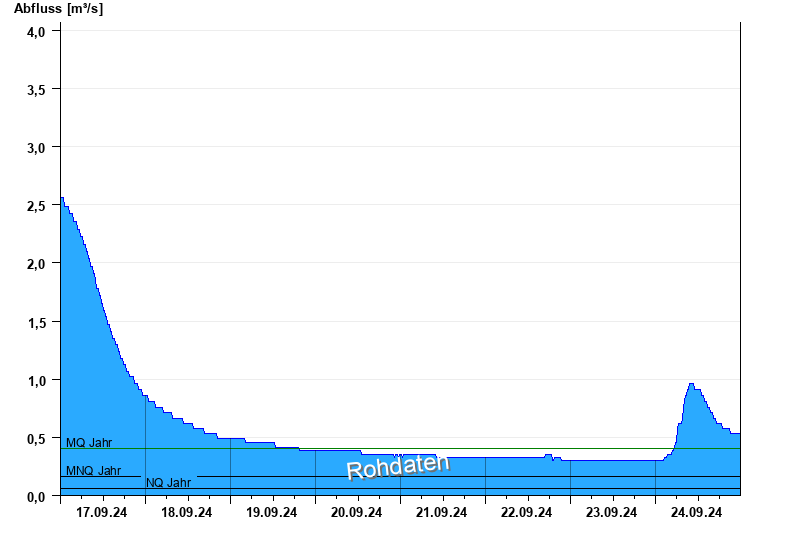 - Mittlerer Niedrigwasserabfluss MNQ 0,161 m³/s
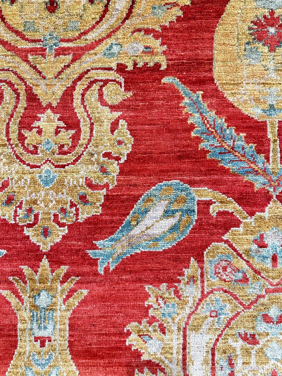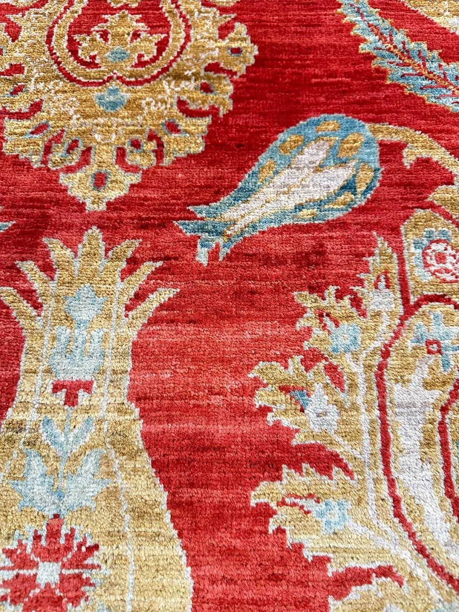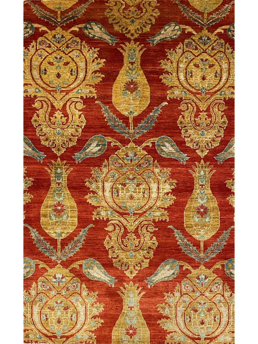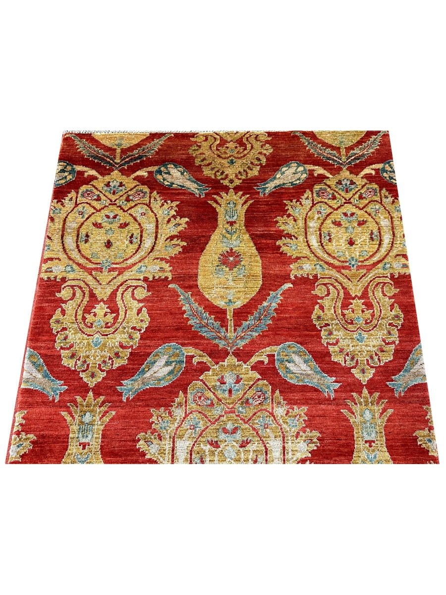 The 3x5 Red and Gold Arts and Crafts Area Rug is a unique treasure that embodies the rich history of Pakistani weaving and would elevate your decor. Made from high-quality wool, this gorgeous rug features a geometric design that blends in perfectly with any type of interior design. It provides a friendly atmosphere and is perfect for entryways, small kitchens, and bathrooms. It is a flexible addition to your space; the rich blend of brick red, gold, and gray tones adds depth and character. This traditional rug is a stunning work of art that elevates your living space. Take advantage of free US delivery.
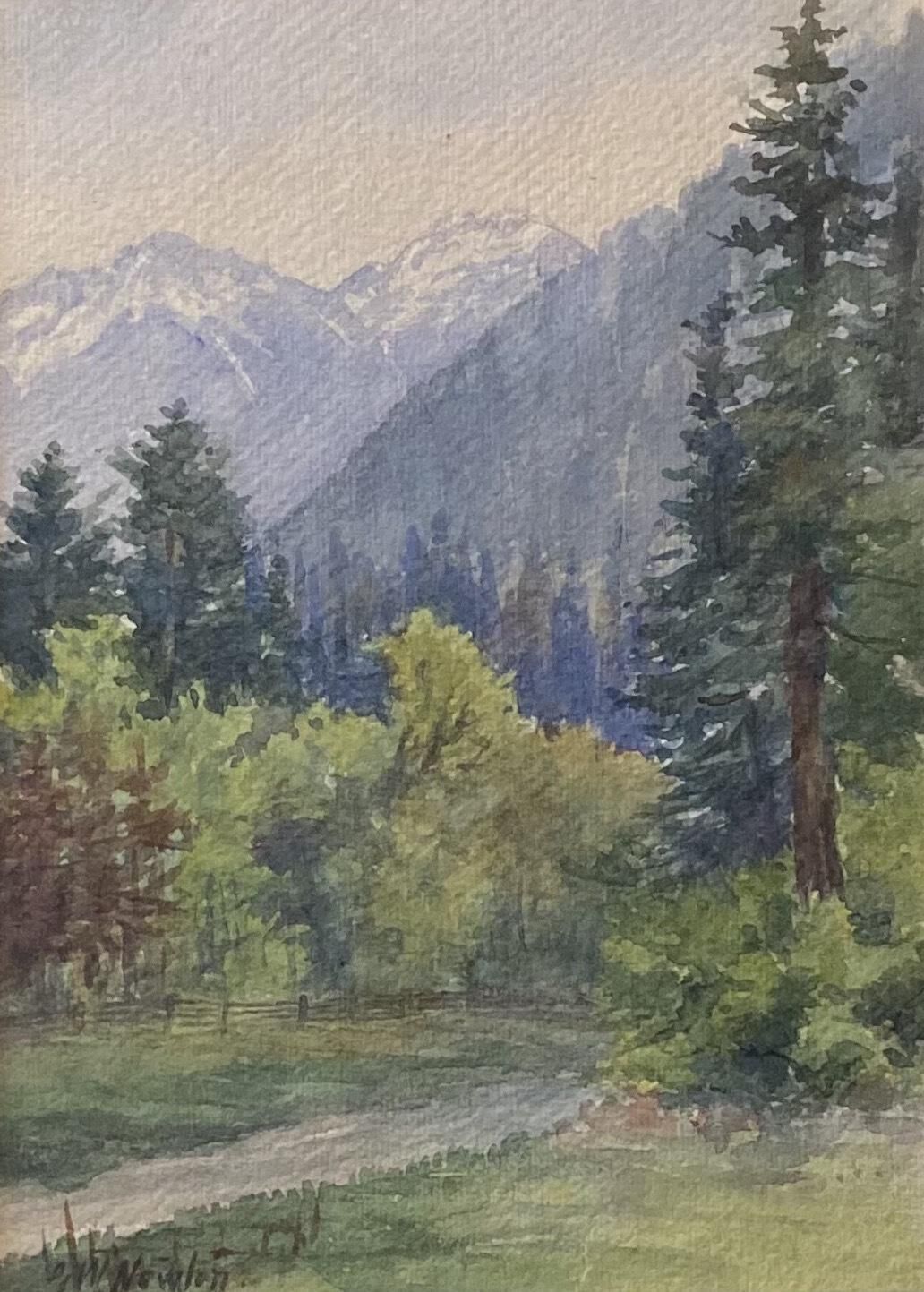 This image depicts a treed landscape with a curved stream in front of some fencing and heavy forest with snow-topped mountains in the distance. The location is unknown, but likely Vancouver Island.Artwork Details
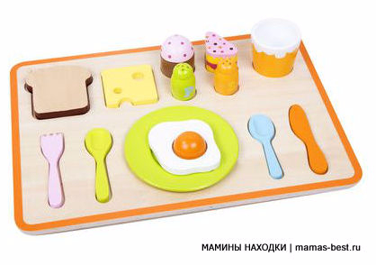 Занимательный набор подарит ребёнку увлекательную и неповторимую игру, ведь это и самый настоящий сортер - все приборы необходимо разложить чётко по силуэтам, и захватывающий "Весёлый завтрак" с помощью которого малыш сможет изучить основы этикета - правила сервировки стола и познакомиться с новыми предметами.
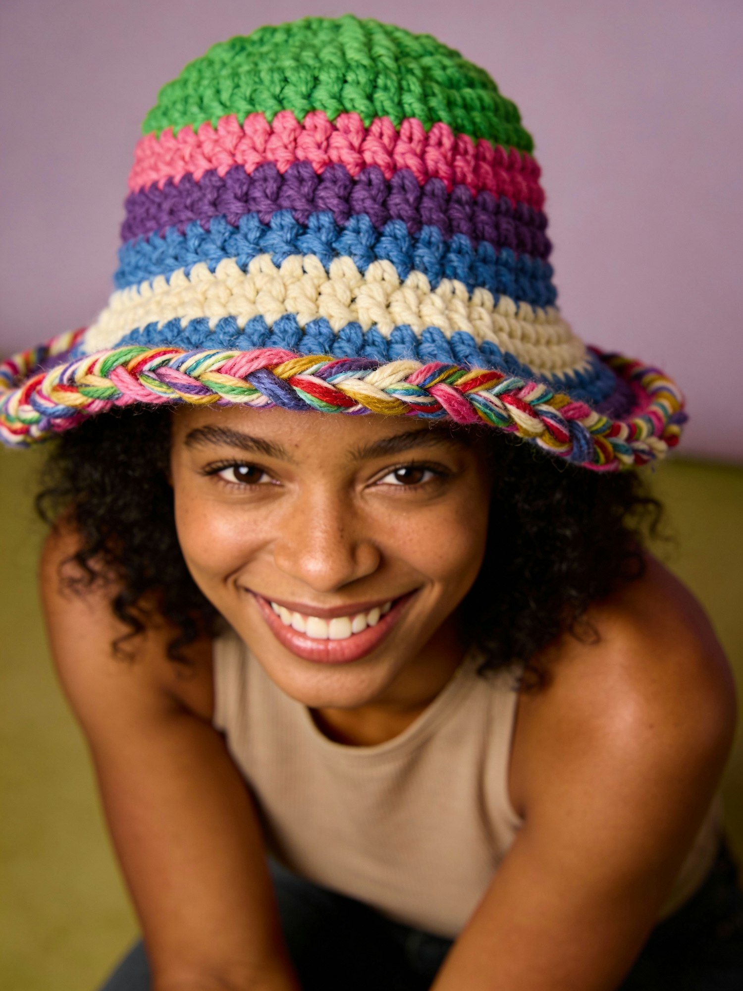 A smiling person wearing a vibrant, multicolored knitted hat with a braided brim, set against a soft pastel background.
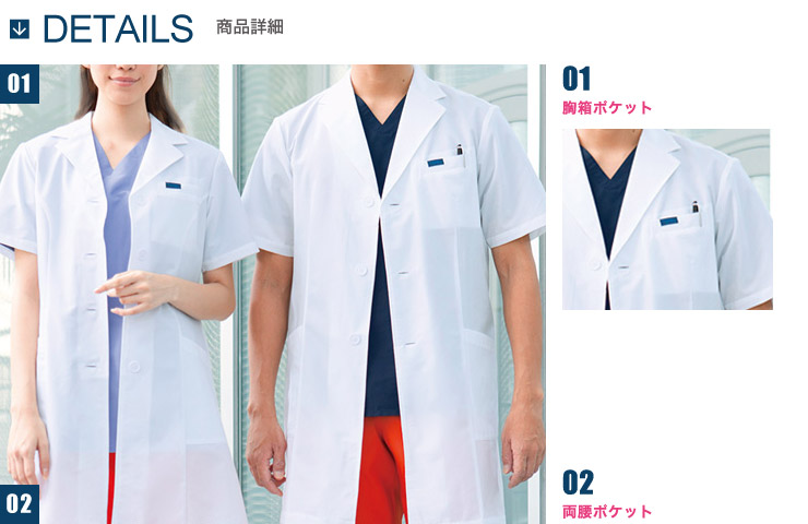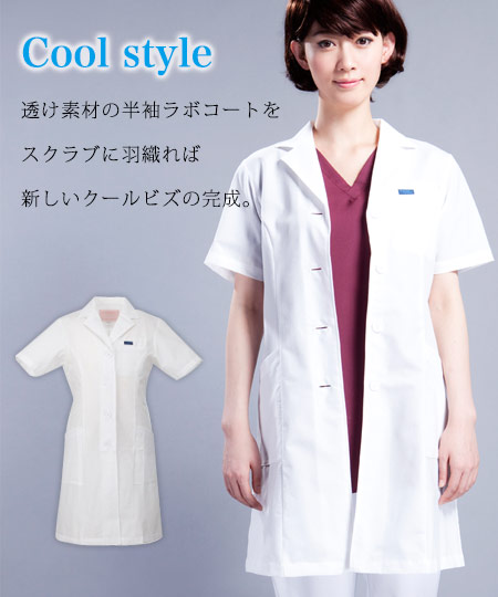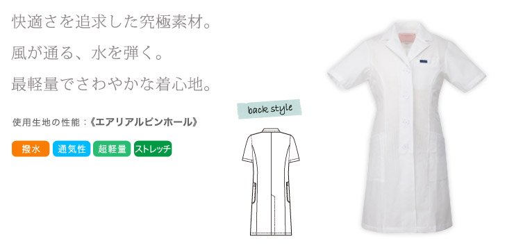快適さを追求した究極素材「エアリアルピンホール」を使用した半袖の女子シングルコートです。 超軽量で涼しい着心地が好評のラボコート。 透け素材でつくる細身シルエットがスタイリッシュなスタイルを演出します。
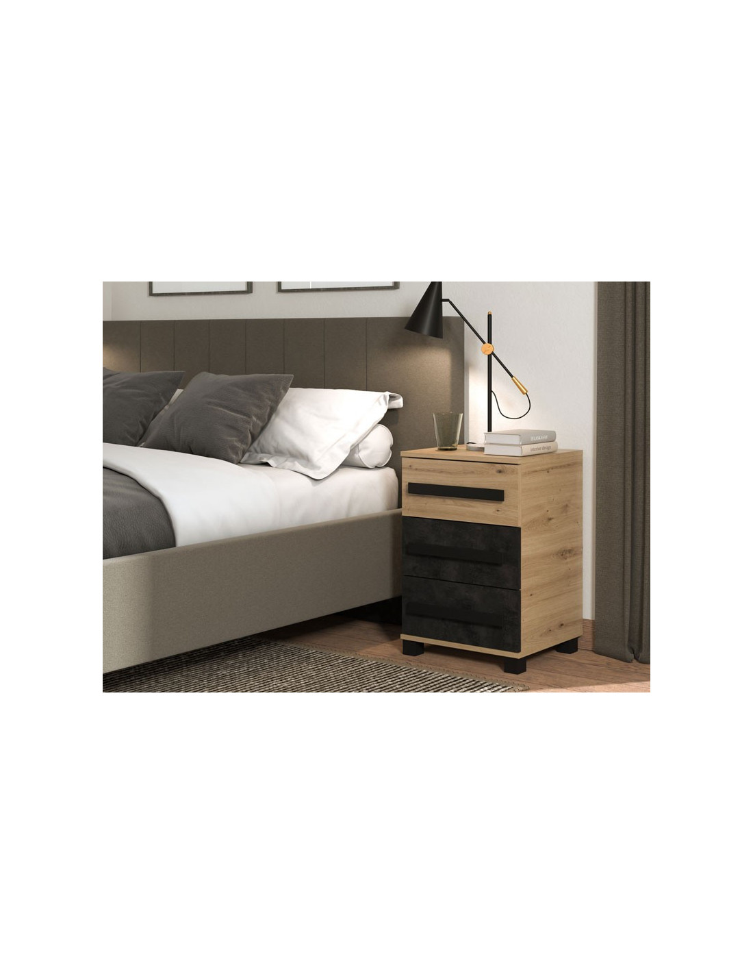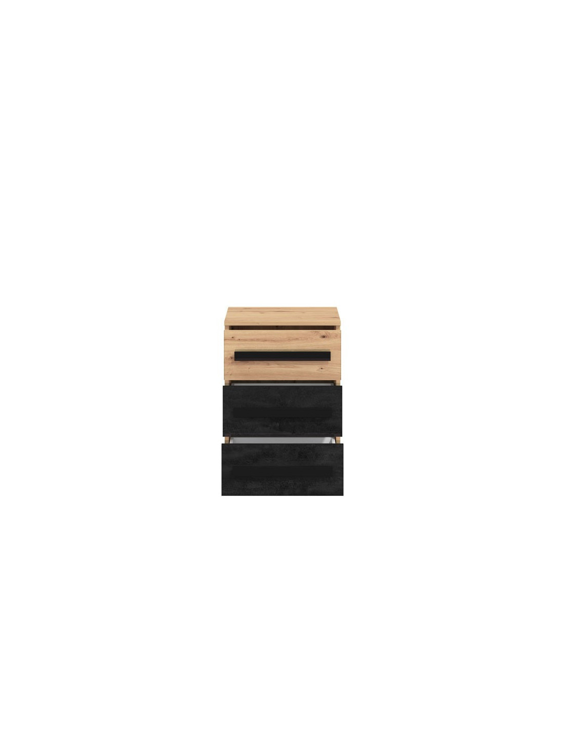 Noćni ormarić MADEIRA NO3F, u kombinaciji artisan dekora hrasta i dekora karbona, dio je kolekcije elemenata spavaće sobe. Može se samostalno pozicionirati u modernom ambijentu spavaće sobe, ali i s ostalim elementima spavaće sobe MADEIRA s kojima čini jedinstvenu interijersku cjelinu. Ima tri funkcionalne ladice za odlaganje.
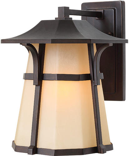 The Patriot Lighting® Oak Park Large 14″ H Bronze Contemporary Outdoor Wall Light is beautifully crafted with an amber etched glass shade (UL listed). It requires one bulb.
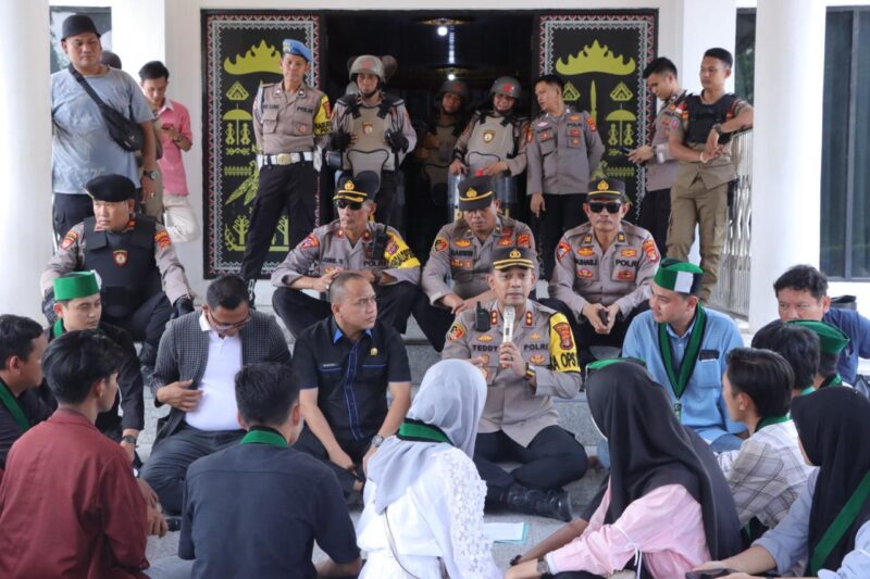 “Saya ucapkan terimakasih kepada peserta aksi yang sudah melakukan giat penyampaian pendapat dengan baik dan tertib,” kata Kapolres saat di lokasi.

------------------------------------------------------------

## AIM OF THE TASK
What is needed is a verbatim copy of the entries, leaving out any pictures.

## EXERCISE RESULT
 - Mittlerer Niedrigwasserabfluss MNQ 0,161 m³/s
 The 3x5 Red and Gold Arts and Crafts Area Rug is a unique treasure that embodies the rich history of Pakistani weaving and would elevate your decor. Made from high-quality wool, this gorgeous rug features a geometric design that blends in perfectly with any type of interior design. It provides a friendly atmosphere and is perfect for entryways, small kitchens, and bathrooms. It is a flexible addition to your space; the rich blend of brick red, gold, and gray tones adds depth and character. This traditional rug is a stunning work of art that elevates your living space. Take advantage of free US delivery.
 This image depicts a treed landscape with a curved stream in front of some fencing and heavy forest with snow-topped mountains in the distance. The location is unknown, but likely Vancouver Island.Artwork Details
 Занимательный набор подарит ребёнку увлекательную и неповторимую игру, ведь это и самый настоящий сортер - все приборы необходимо разложить чётко по силуэтам, и захватывающий "Весёлый завтрак" с помощью которого малыш сможет изучить основы этикета - правила сервировки стола и познакомиться с новыми предметами.
 A smiling person wearing a vibrant, multicolored knitted hat with a braided brim, set against a soft pastel background.
快適さを追求した究極素材「エアリアルピンホール」を使用した半袖の女子シングルコートです。 超軽量で涼しい着心地が好評のラボコート。 透け素材でつくる細身シルエットがスタイリッシュなスタイルを演出します。
 Noćni ormarić MADEIRA NO3F, u kombinaciji artisan dekora hrasta i dekora karbona, dio je kolekcije elemenata spavaće sobe. Može se samostalno pozicionirati u modernom ambijentu spavaće sobe, ali i s ostalim elementima spavaće sobe MADEIRA s kojima čini jedinstvenu interijersku cjelinu. Ima tri funkcionalne ladice za odlaganje.
 The Patriot Lighting® Oak Park Large 14″ H Bronze Contemporary Outdoor Wall Light is beautifully crafted with an amber etched glass shade (UL listed). It requires one bulb.
 “Saya ucapkan terimakasih kepada peserta aksi yang sudah melakukan giat penyampaian pendapat dengan baik dan tertib,” kata Kapolres saat di lokasi.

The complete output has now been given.